Learning What I Don’t Know

By Terry Golson


I’ve very recently switched from focusing on dressage to going over fences in the hunter/jumper (H/J) style. I’ll write another post about why (short answer, it’s fun!) This blog, though, is about all of the things that I didn’t know that it was assumed that I did.

I’ve been around horses most of my life. I’ve taken scores of lessons, competed in dressage and eventing, and as a young child did a few horse shows and hunter paces. I’ve even gone fox hunting. I trail ride. I look competent in the saddle. I can stay on and balanced, whatever I’m asked to do. That’s good but it’s also problematic. Sometimes I look like I know what I’m doing, when I actually don’t have a clue. My trainer, Steph, has been steeped in the H/J world her entire life. There are some things that she assumes that I know to do. Like closing my leg on the saddle when I go over a jump.

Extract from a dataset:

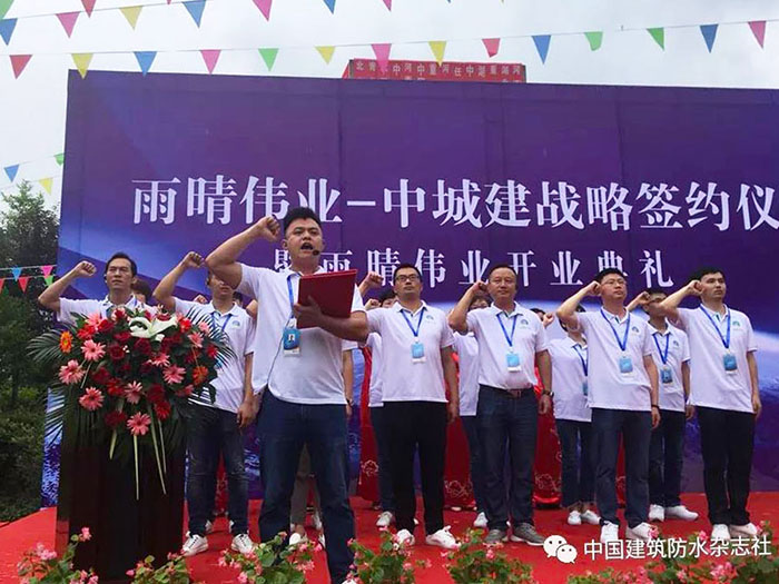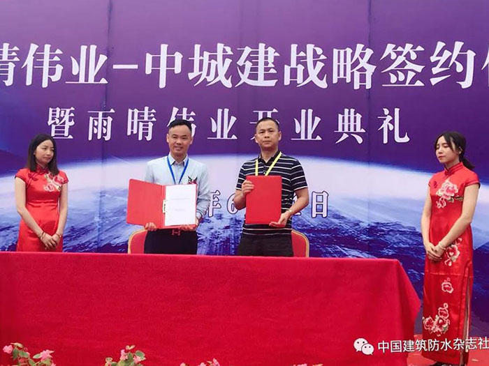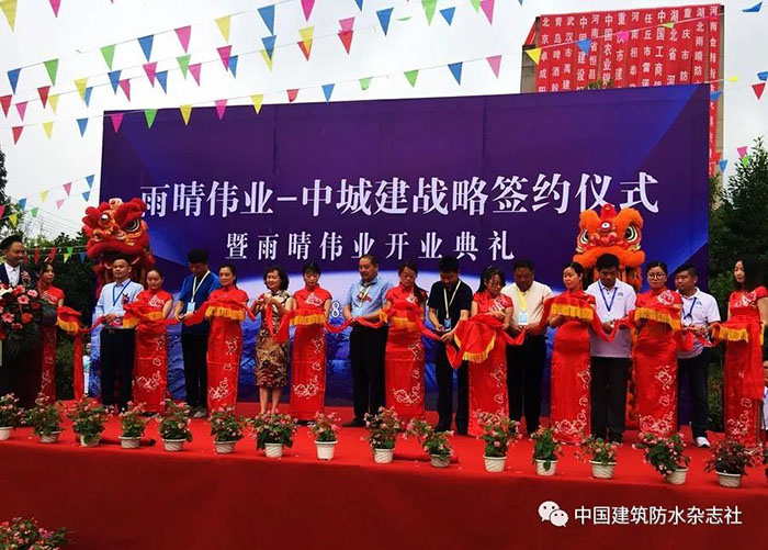 2018年6月21日, 湖北雨晴偉業(yè)防水技術發(fā)展有限公司開業(yè)慶典暨中城建戰(zhàn)略簽約儀式活動現(xiàn)場賓客云集,人頭攢動,場面火爆、掌聲如雷。這標志著雨晴偉業(yè)從今天起正式的面向大眾,面向市場,也意味著雨晴偉業(yè)工廠的正式運營。
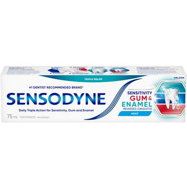 Sensodyne Sensitivity Gum and Enamel Toothpaste is a flavored triple-action formula toothpaste that provides long-lasting, clinically proven sensitivity relief and helps restore gum health. It also rehardens the enamel when used twice daily for strong and healthy teeth and gums.

A dressage rider’s aim is to have an open angle in the hips, and to drape their legs around the horse. No tension. No holding on. When Steph started giving me jumping lessons, it was as an off-shoot of the ground pole work that we were doing. We were doing cavaletti to improve Tonka’s dressage. I thought it’d be fun to go over a cross-rail. Tonka seemed game. Steph said okay. The first couple of lessons were in my dressage saddle. Although I’d shortened my stirrups, my legs were still draped around the horse, and so when going over the jump I was far more “in the air” than I should have been. The only thing keeping me on Tonka’s back were the stirrups and balance.

 

As Tonka got more and more enthusiastic about the jumping, I was jumping more and more “out of the tack.” A switch to a jumping saddle improved things, but it wasn’t until Steph and I discussed my position that we realized that I had missed a key lesson – when jumping one closes the angles so that the thighs and lower leg are connected to the horse. Aha!

 

Here’s another position difference that isn’t obvious. All riders are taught to ride with their heels down. BUT. In dressage the balance point is over the soles of the feet.

 

In a jump saddle my stirrups were shortened, but I kept that weight in the ball of my foot. As I’d been taught to do. When I watched videos of me landing on the downside of the jump, I looked like a steeplechase jockey. Why was it happening?

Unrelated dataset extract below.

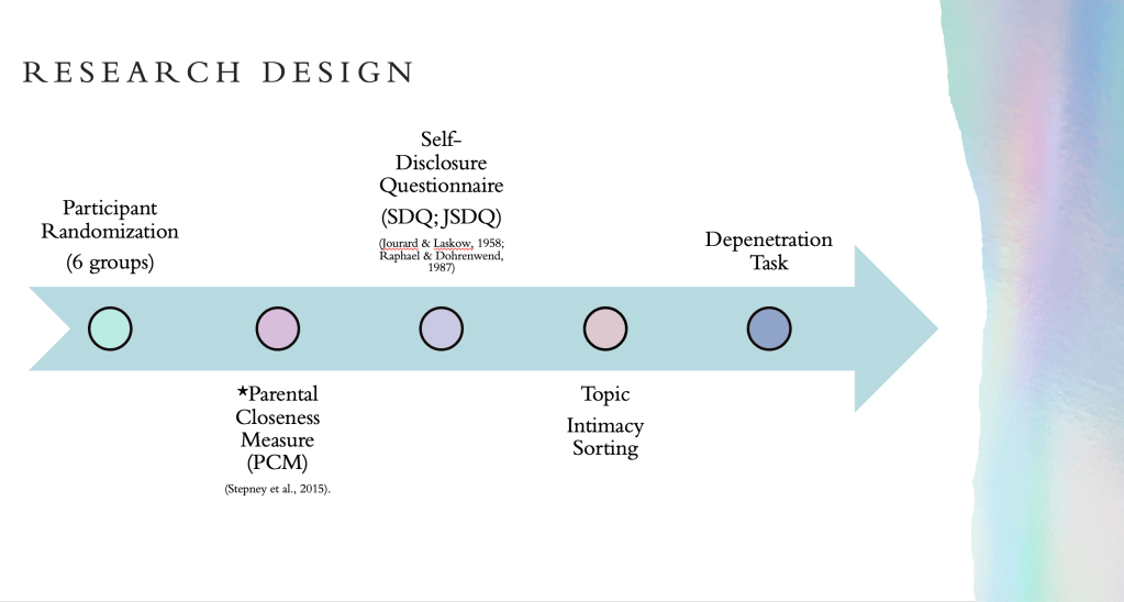 The study will have a Quasi-Experimental, 2×3 repeated measures factorial design requiring 366 participants. The participants will be randomized into 6 groups, complete the Parental Closeness Measure (PCM), the Self-Disclosure Questionnaire (SDQ;JSDQ), complete intimacy sorting to decipher what information is more or less valuable per each participant, and a depenetration task.

Here Tonka uncorked one of his over-achieving leaps. Note the surprise on my face. My leg straightens and the foot flies forward. At least I didn’t grab his mouth with the reins.

 

This was obviously not the correct position. Why was it happening? This week I asked Steph a fundamental question. Where was the weight in my foot supposed to be? Perhaps not in the ball of my foot but in the heel? Steph said “of course.” Steph didn’t realize that one could ride with heels down without the weight there in the heels, so she hadn’t told me to do so. I didn’t realize that one could ride with heels down and have the weight of my body straight down into them. Here was a fundamental difference between the two sports that neither of us were aware of.

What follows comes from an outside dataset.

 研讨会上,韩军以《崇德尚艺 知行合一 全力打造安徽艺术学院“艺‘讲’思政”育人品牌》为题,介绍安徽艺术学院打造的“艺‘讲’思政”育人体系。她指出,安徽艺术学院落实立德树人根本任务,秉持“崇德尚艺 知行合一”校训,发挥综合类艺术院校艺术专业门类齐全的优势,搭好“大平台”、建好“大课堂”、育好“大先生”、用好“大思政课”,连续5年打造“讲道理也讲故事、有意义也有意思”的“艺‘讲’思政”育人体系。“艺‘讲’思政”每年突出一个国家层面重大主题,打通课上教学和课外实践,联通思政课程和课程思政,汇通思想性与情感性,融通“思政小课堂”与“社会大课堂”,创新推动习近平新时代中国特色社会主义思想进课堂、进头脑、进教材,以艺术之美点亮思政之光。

Now, over fences, I’m much more secure and with my horse. Weight in the heels. Legs pressed onto the saddle. Even when Tonka takes off a stride too early, as in the photo below, I’m with him. Steve (who is an engineer) and I had a discussion about mass and physics and why one does it a certain way for one discipline and not another. I’ll spare you. Suffice to say that there’s a solid reason why one puts one’s feet and one’s weight where one does!

 

There are other things that I’ve been learning that my new H/J friends assume everyone knows. There is show etiquette. In the dressage warmup you make use of the entire ring. At any point one person might be leg yielding across the ring and another doing a 10 meter circle. At a H/J show you stay on the rail unless you are in the middle going over a fence. You do not do big figure 8s (sorry everyone!)

At a dressage show, you warm up and go straight into the arena. Depending on the level, you enter at a trot or canter.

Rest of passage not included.